Source material below:
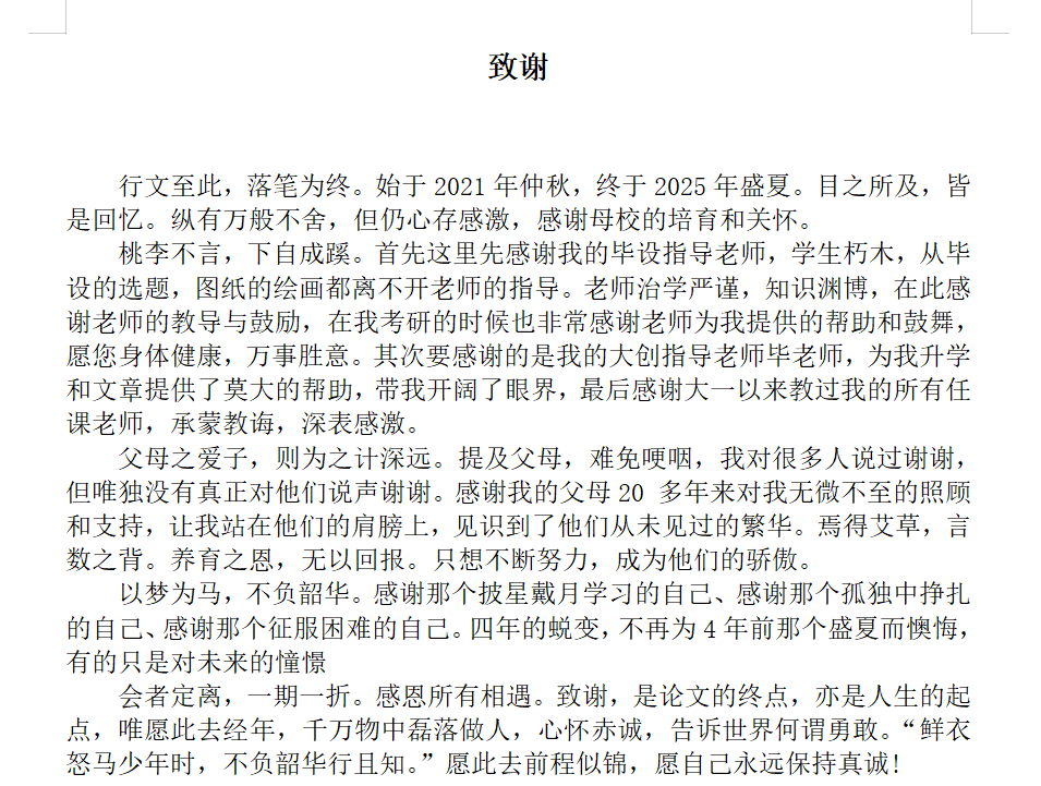 这些写在致谢里的“小作文”,是学术旅程的暖心彩蛋,也是青春散场时的限定情书。合上论文的瞬间,带着实验室沾的试剂香、图书馆的咖啡渍,还有满脑子的专业知识,这群少年要去建设会呼吸的城市、守护会唱歌的河流啦!
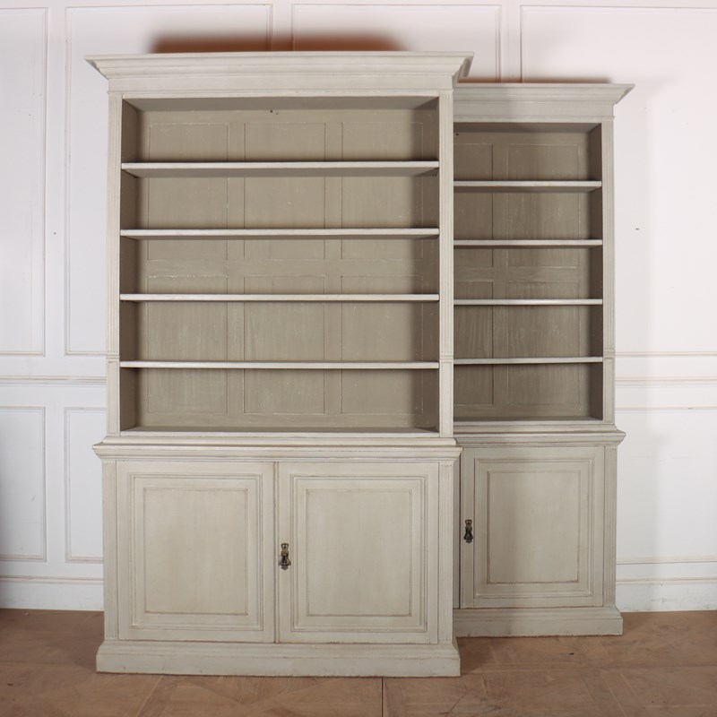 Good pair of 19th century English country house bookcases with adjustable shelves. 1860.
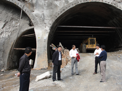丁处长一行在方家坞隧道检查工作
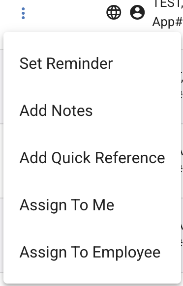 Assigning the application to yourself or someone else can also be executed by clicking the ellipsis to the left of the application and clicking either "Assign to Me" or "Assign to Employee".
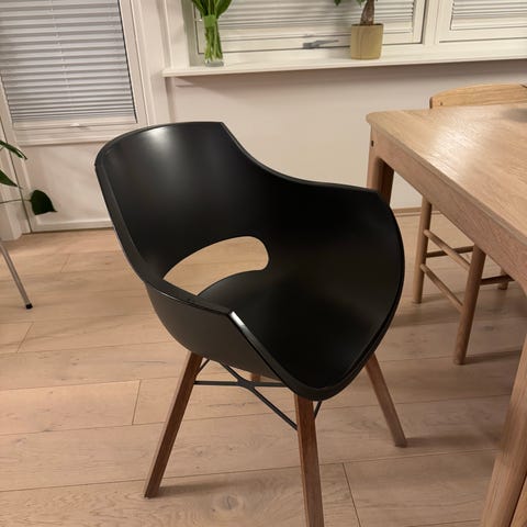 Selger tre stykker av designstolen Noor fra produsenten RBM. Det er det anerkjente svenske kollektivet Form us with love som står bak designet, som også har vunnet Red Dot Award.
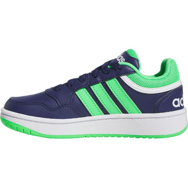 Buty Hoops 3.0 K Jr Adidas to idealne obuwie dla małych fanów stylu tenisowego. Dzięki cholewce ze skóry syntetycznej zapewniają lekkość i swobodę ruchów, a jednocześnie stabilność i wsparcie. Niski profil oraz płaska podeszwa sprawiają, że buty są wygodne i stabilne. Sznurowany design oraz perforacja na przodzie dodają im stylowego wyglądu. Dodatkowe wzmocnienie na pięcie zapewnia jeszcze większą trwałość. Amortyzowana podeszwa środkowa oraz gumowa konstrukcja podeszwy zapewniają komfort i pewność kroków. Buty Hoops 3.0 K Jr Adidas to połączenie stylu tenisowego z codziennym komfortem dla najmłodszych.
End of Source material.
> [Task details]
Drop the images, then copy the data exactly.

> [Answer space]
 这些写在致谢里的“小作文”,是学术旅程的暖心彩蛋,也是青春散场时的限定情书。合上论文的瞬间,带着实验室沾的试剂香、图书馆的咖啡渍,还有满脑子的专业知识,这群少年要去建设会呼吸的城市、守护会唱歌的河流啦!
 Good pair of 19th century English country house bookcases with adjustable shelves. 1860.
丁处长一行在方家坞隧道检查工作
 Assigning the application to yourself or someone else can also be executed by clicking the ellipsis to the left of the application and clicking either "Assign to Me" or "Assign to Employee".
 Selger tre stykker av designstolen Noor fra produsenten RBM. Det er det anerkjente svenske kollektivet Form us with love som står bak designet, som også har vunnet Red Dot Award.
 Buty Hoops 3.0 K Jr Adidas to idealne obuwie dla małych fanów stylu tenisowego. Dzięki cholewce ze skóry syntetycznej zapewniają lekkość i swobodę ruchów, a jednocześnie stabilność i wsparcie. Niski profil oraz płaska podeszwa sprawiają, że buty są wygodne i stabilne. Sznurowany design oraz perforacja na przodzie dodają im stylowego wyglądu. Dodatkowe wzmocnienie na pięcie zapewnia jeszcze większą trwałość. Amortyzowana podeszwa środkowa oraz gumowa konstrukcja podeszwy zapewniają komfort i pewność kroków. Buty Hoops 3.0 K Jr Adidas to połączenie stylu tenisowego z codziennym komfortem dla najmłodszych.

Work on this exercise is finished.